* **WHAT THIS TASK INVOLVES**
In the listing that follows, print every line exactly and leave the images out.

* **RECORD EXCERPTS**

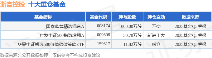 持有浙富控股最多的基金为国泰蓝筹精选混合A,目前规模为11.12亿元,最新净值1.3209(10月29日),较上一交易日上涨0.34%,近一年上涨15.12%。该基金现任基金经理为张容赫。
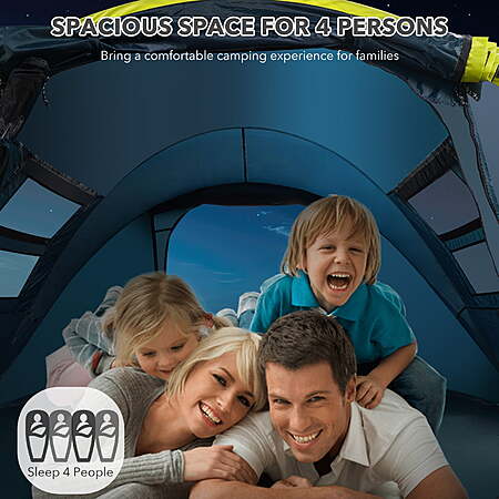 - Instant Setup: This 4-person tent features an automatic pop-up design, allowing for quick and easy setup in seconds without the need for assembly.
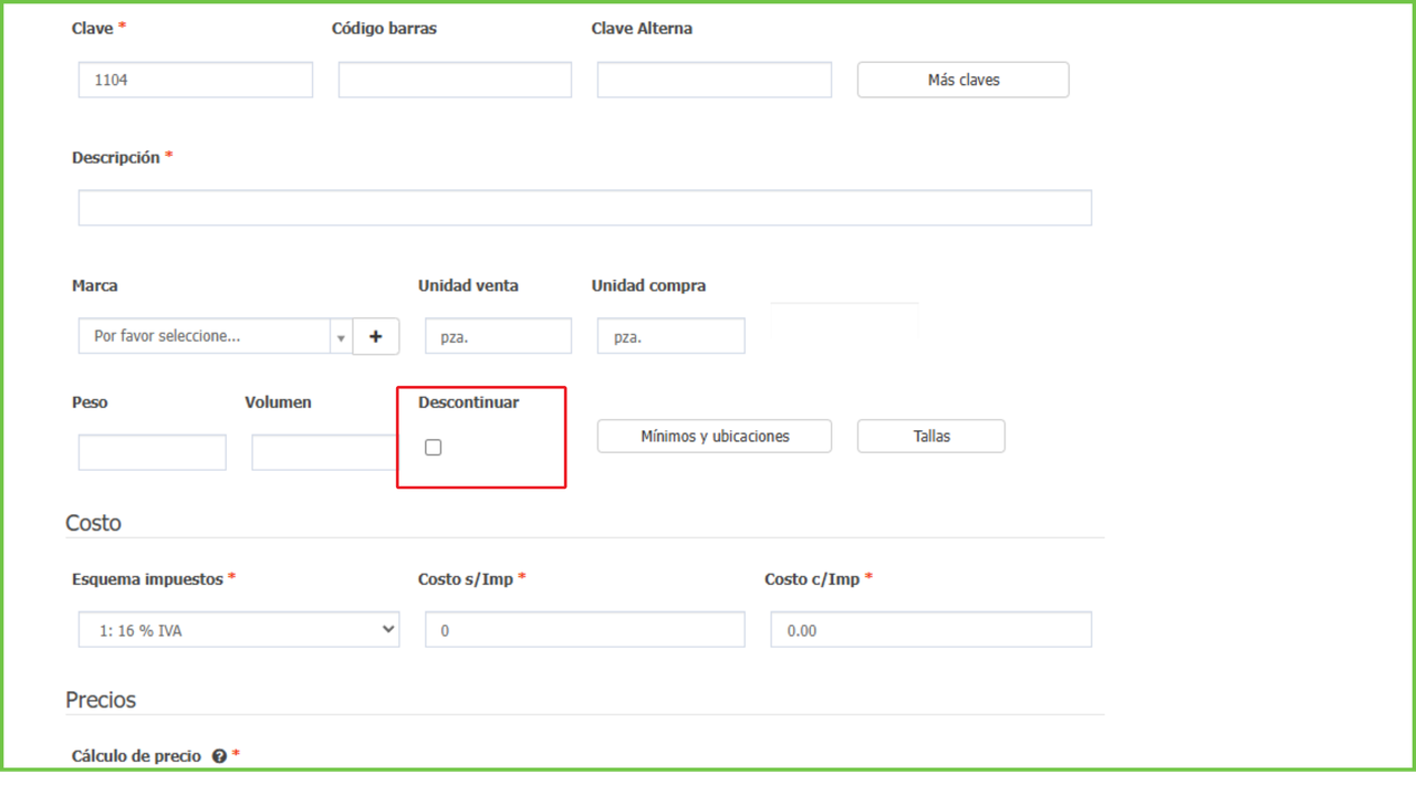 - Tienda: Indica si el producto será visible en la tienda en línea. (Este campo solo es visible si tienes contratado el ecommerce de Pvnube).
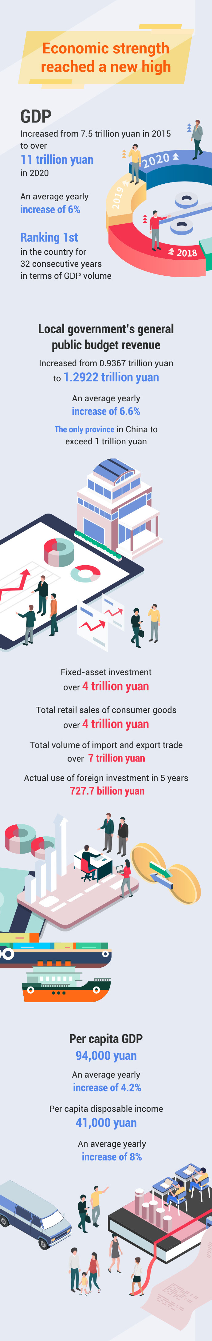 The province's GDP exceeded 11 trillion yuan in 2020 with an annual average growth rate of 6%, which has ranked 1st in the nation for 32 consecutive years.
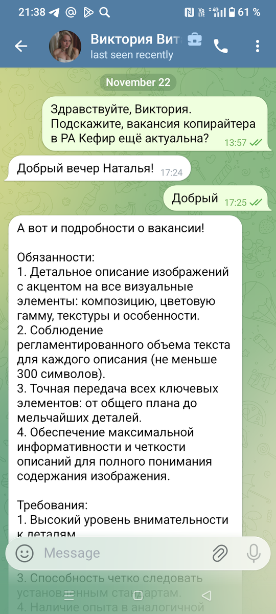 подумала я и сохранила это объявление в Избранном в Телеграме. и вот сейчас, находясь в поисках работы я вспомнила о нем и решила откликнуться.Написала по указанным контактам
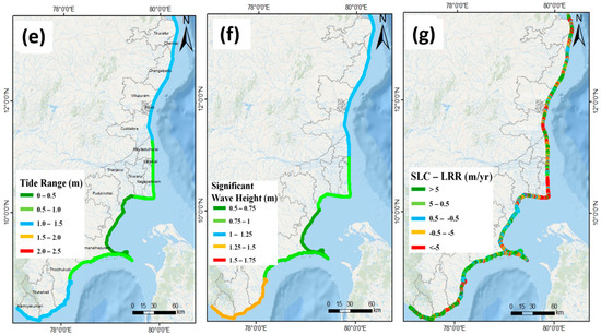 (a) represents coastal geomorphology and affects shoreline stability and erosion; (b) shows elevation (m) and has lower elevations that flood and receive storm surges; (c) shows slope (°) and affects water runoff and erosion rates; (d) affects bathymetry (m) and the impact of wave energy and storm surges; (e) shows the mean tidal range (m) and affects the tidal flood area; (f) shows significant wave height (m) and causes coastal erosion and coastal structure damages; and (g) shows the shoreline change rate (m/year). By combining the seven elements, the PVI provides a thorough evaluation of coastal vulnerability.
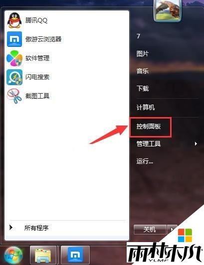1 鼠标点击“开始”菜单,单击“控制面板”;如图1所示

* **EXPECTED ANSWER**
 持有浙富控股最多的基金为国泰蓝筹精选混合A,目前规模为11.12亿元,最新净值1.3209(10月29日),较上一交易日上涨0.34%,近一年上涨15.12%。该基金现任基金经理为张容赫。
 - Instant Setup: This 4-person tent features an automatic pop-up design, allowing for quick and easy setup in seconds without the need for assembly.
 - Tienda: Indica si el producto será visible en la tienda en línea. (Este campo solo es visible si tienes contratado el ecommerce de Pvnube).
 The province's GDP exceeded 11 trillion yuan in 2020 with an annual average growth rate of 6%, which has ranked 1st in the nation for 32 consecutive years.
 подумала я и сохранила это объявление в Избранном в Телеграме. и вот сейчас, находясь в поисках работы я вспомнила о нем и решила откликнуться.Написала по указанным контактам
 (a) represents coastal geomorphology and affects shoreline stability and erosion; (b) shows elevation (m) and has lower elevations that flood and receive storm surges; (c) shows slope (°) and affects water runoff and erosion rates; (d) affects bathymetry (m) and the impact of wave energy and storm surges; (e) shows the mean tidal range (m) and affects the tidal flood area; (f) shows significant wave height (m) and causes coastal erosion and coastal structure damages; and (g) shows the shoreline change rate (m/year). By combining the seven elements, the PVI provides a thorough evaluation of coastal vulnerability.
1 鼠标点击“开始”菜单,单击“控制面板”;如图1所示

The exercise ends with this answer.